Coronavirus child-care crisis will set women back a generation

It is not as if parents’ jobs can be put on hold every other week. As a college professor, I am fortunate to have a somewhat flexible schedule and can work from home a lot of the time. But roughly half of all essential workers (about 27 million) are women — mostly working in-person jobs in health care and community-based services — who do not have the option of working remotely.

That is, if we can find child care. Already, the capacity of day-care centers has been reduced due to strict child-staff ratios and staffing requirements. Given that day cares historically operate on slim profit margins, these initial restrictions — coupled with the expense of purchasing personal protective equipment, or PPE, for staff and additional cleaning materials — could mean steep increases in tuition or going out of business. Some advocates anticipate a wave of permanent closures, leading to the loss of as many as 450,000 child-care slots — reducing the supply exactly when demand will spike because of widespread remote learning. Among working parents who reported needing care, nearly two-thirds (63 percent) had difficulty finding child care in the first months of the pandemic. Even relying on grandparents can be uncertain — particularly in states with high and/or resurging covid-19 caseloads.

Where does that leave working parents? With two colleagues, I conducted a national panel survey of 2,557 working parents between Mother’s Day (May 10) and Father’s Day (June 21) to find out. We learned that 13.3 percent of working parents had lost a job or reduced their hours due to a lack of child care. Working parents lost eight hours per week on average, or one full working day, to care for their children. In households with two working adults, we found an even greater loss of 14.6 hours per week, potentially representing a significant hit to total family income.

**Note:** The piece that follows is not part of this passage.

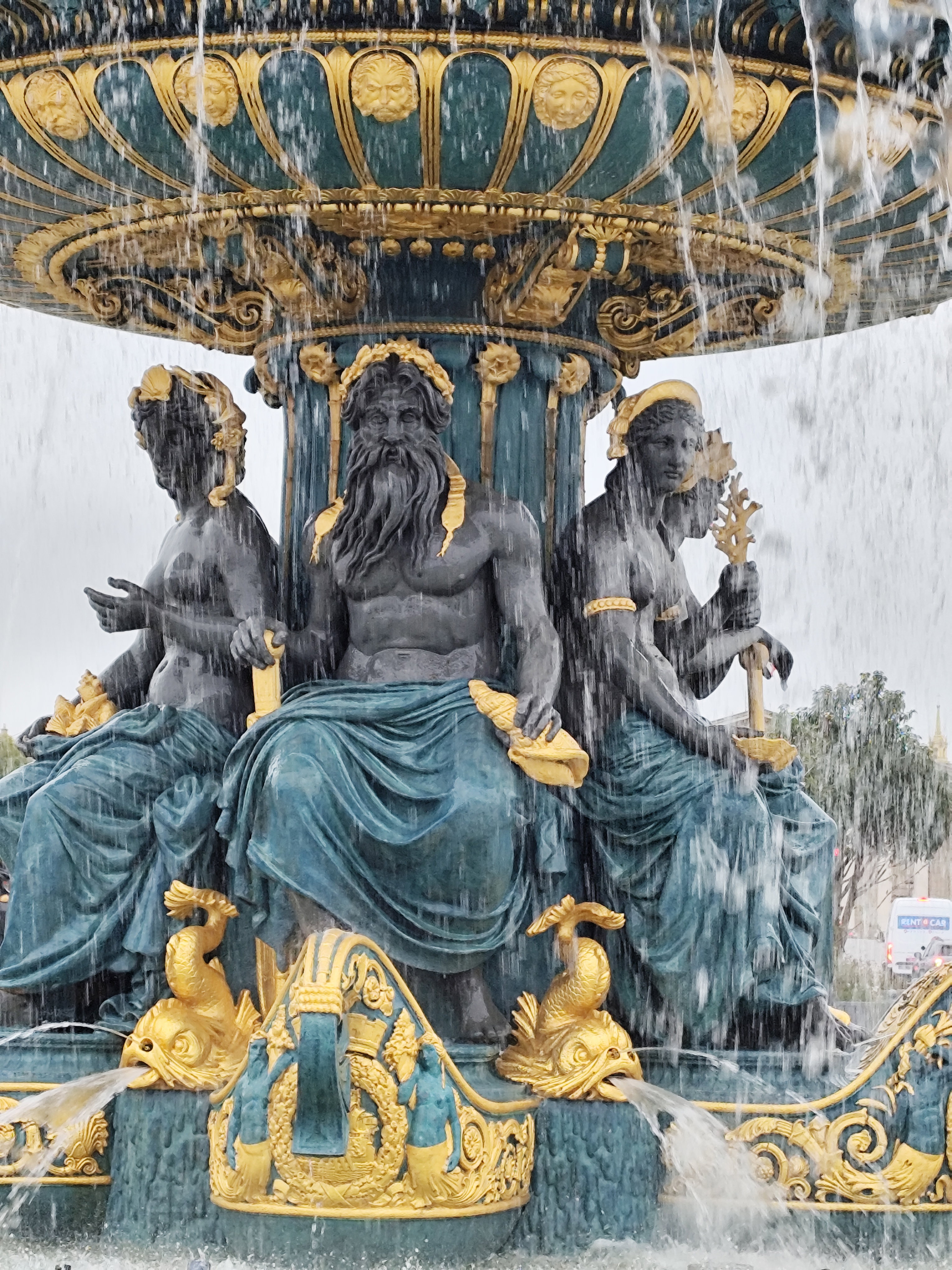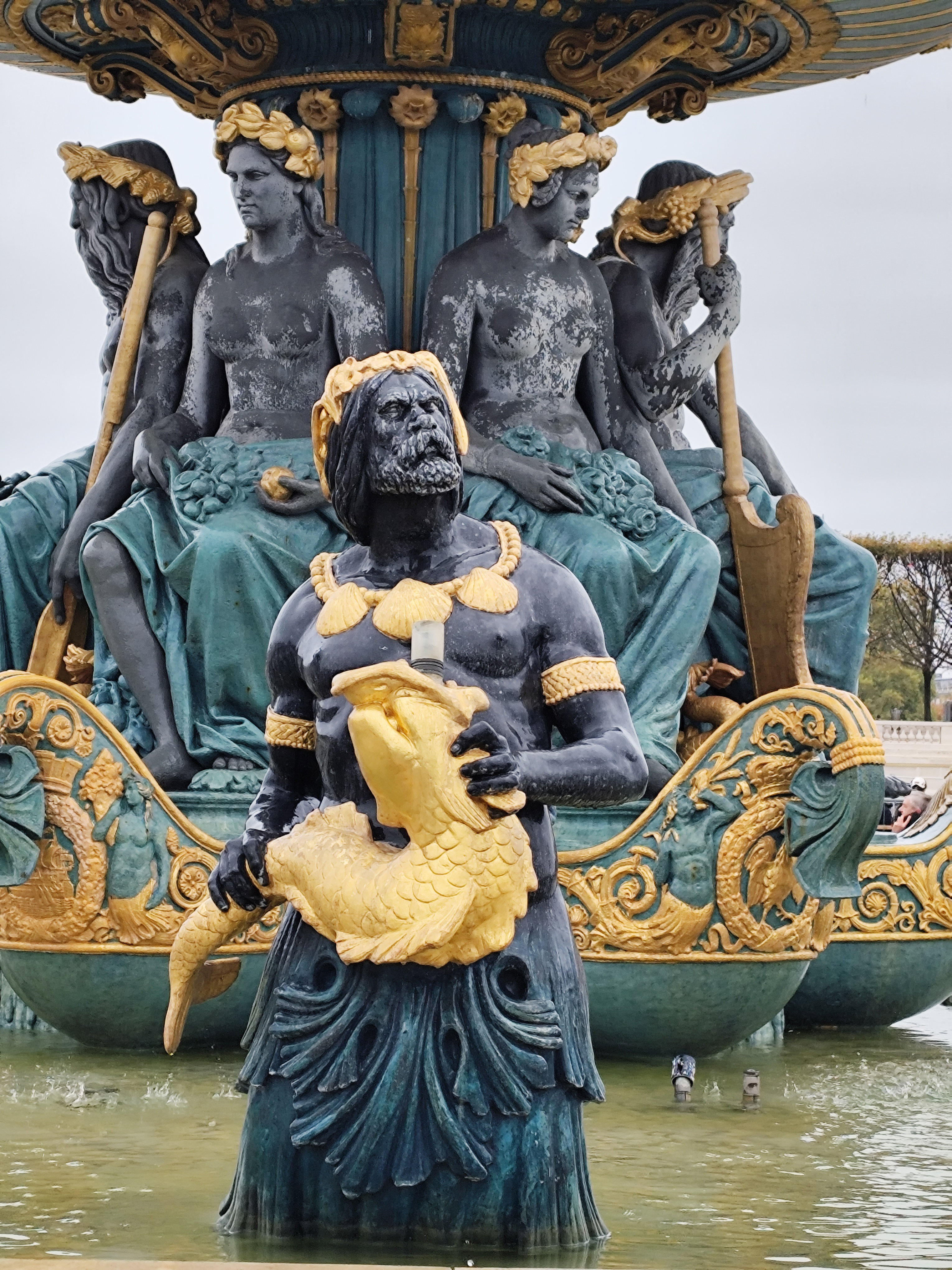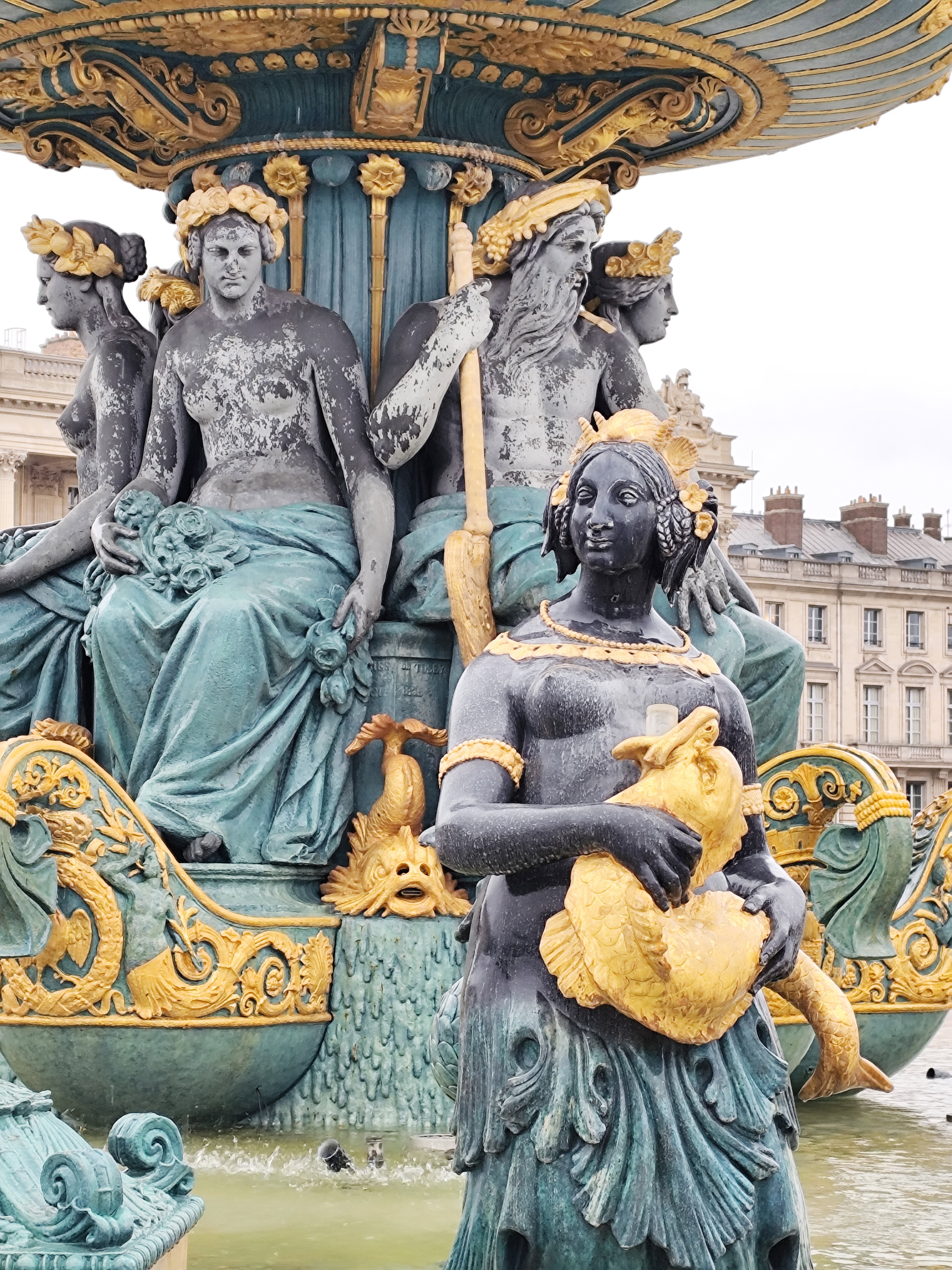 Решительно изменился облик площади в 1836 году, когда ее украсили двумя монументальными фонтанами, 20 фонарными столбами с военно-морской символикой и 23-метровым египетским обелиском. Фонтан рек (верхние фото) символизирует речное судоходство Франции и украшен аллегорическими скульптурами, олицетворяющими реки Рейн и Рону, а также грузоперевозку продукции сельского хозяйства по французским рекам.

Some families found short-term child-care solutions by reducing hours, taking paid or unpaid leave, or alternating schedules with another adult in their household. However, these stopgap measures were based on the assumption that the fall would bring a return to school and organized child care and are simply unsustainable for the long term. In a recent survey, half of parents of young children in Massachusetts said they “will not be able to return to work without a consistent child-care solution.”

If history is any guide, it will be women who bear the brunt of the child-care crisis. Child-care access is strongly associated with maternal labor force participation, and child-care closures will probably lead to more costly career sacrifices for women. During the pandemic, there have been numerous stories about women quitting their jobs because of a lack of child care. One out of four women who reported becoming unemployed during the pandemic said it was due to a lack of child care — twice the rate among men.

For low-income and single moms, the pandemic has exacerbated the hard choices between spending a significant portion of their income on child care; finding a cheaper but potentially lower-quality option; or leaving the workforce to become a full-time caregiver. Our survey of working parents found that the loss of hours due to a lack of child care is greater for women of color, women without a college degree and women living in low-income households. Low-income, less educated and nonwhite households were also less likely to have backup child care.

The sheer magnitude of the disruption to child care during the pandemic will probably affect women’s labor force participation and earnings trajectories for decades to come. Research shows that women who drop out of the workforce to take care of children often have trouble getting back in, and the longer they stay out, the harder it is to return. Wage losses are much more severe and enduring when they occur in recessions, and workers who lose jobs now are less likely to have secure employment in the future. These effects accumulate over time as people who drop out of the labor force miss out on pay increases and promotions that come from long-term relationships with an employer.

This is not a small problem that will be easily solved. Parents with children under the age of 14 make up almost one-third of the country’s workforce, or roughly 50 million workers, meaning any economic recovery will rely on their continued participation or reentry into the labor force. The child-care industry consists of a network of nearly 675,000 small businesses, employing 1.5 million workers, that operate on razor thin margins even in good times.

Yet, the $3.5 billion allotted to the child-care industry in March was a fraction of the emergency aid offered to the airlines under the Coronavirus Aid, Relief, and Economic Security Act, or Cares Act. While Senate Republicans’ Health, Economic Assistance, Liability Protection and Schools Act, or “Heals Act,” package unveiled Monday includes $70 billion in aid for K-12 schools, two-thirds of the funds are restricted to in-person learning — a heavy-handed approach to addressing the nation’s child-care needs.

A far better solution would be to provide additional funding for day care, giving parents the flexibility they desperately need without dictating a one-size-fits-all solution across school districts.

If Congress does not act now, it is likely that there will be little left of the child-care system when the economic recovery is fully underway — and the consequences could set women back a generation.

As economist Claudia Goldin recently discussed, the current generation of college-educated women has come closer to attaining a career and a family at the same time than any other generation before it. Yet the pandemic has magnified gender inequality at home and in the workplace. Women are essential workers in both places. But the lack of options and availability of child care during this pandemic are forcing women, once again, into situations where they can choose only one or the other for years to come.

Alicia Sasser Modestino is an associate professor in the School of Public Policy and Urban Affairs at Northeastern University, where she studies issues related to gender and the labor market.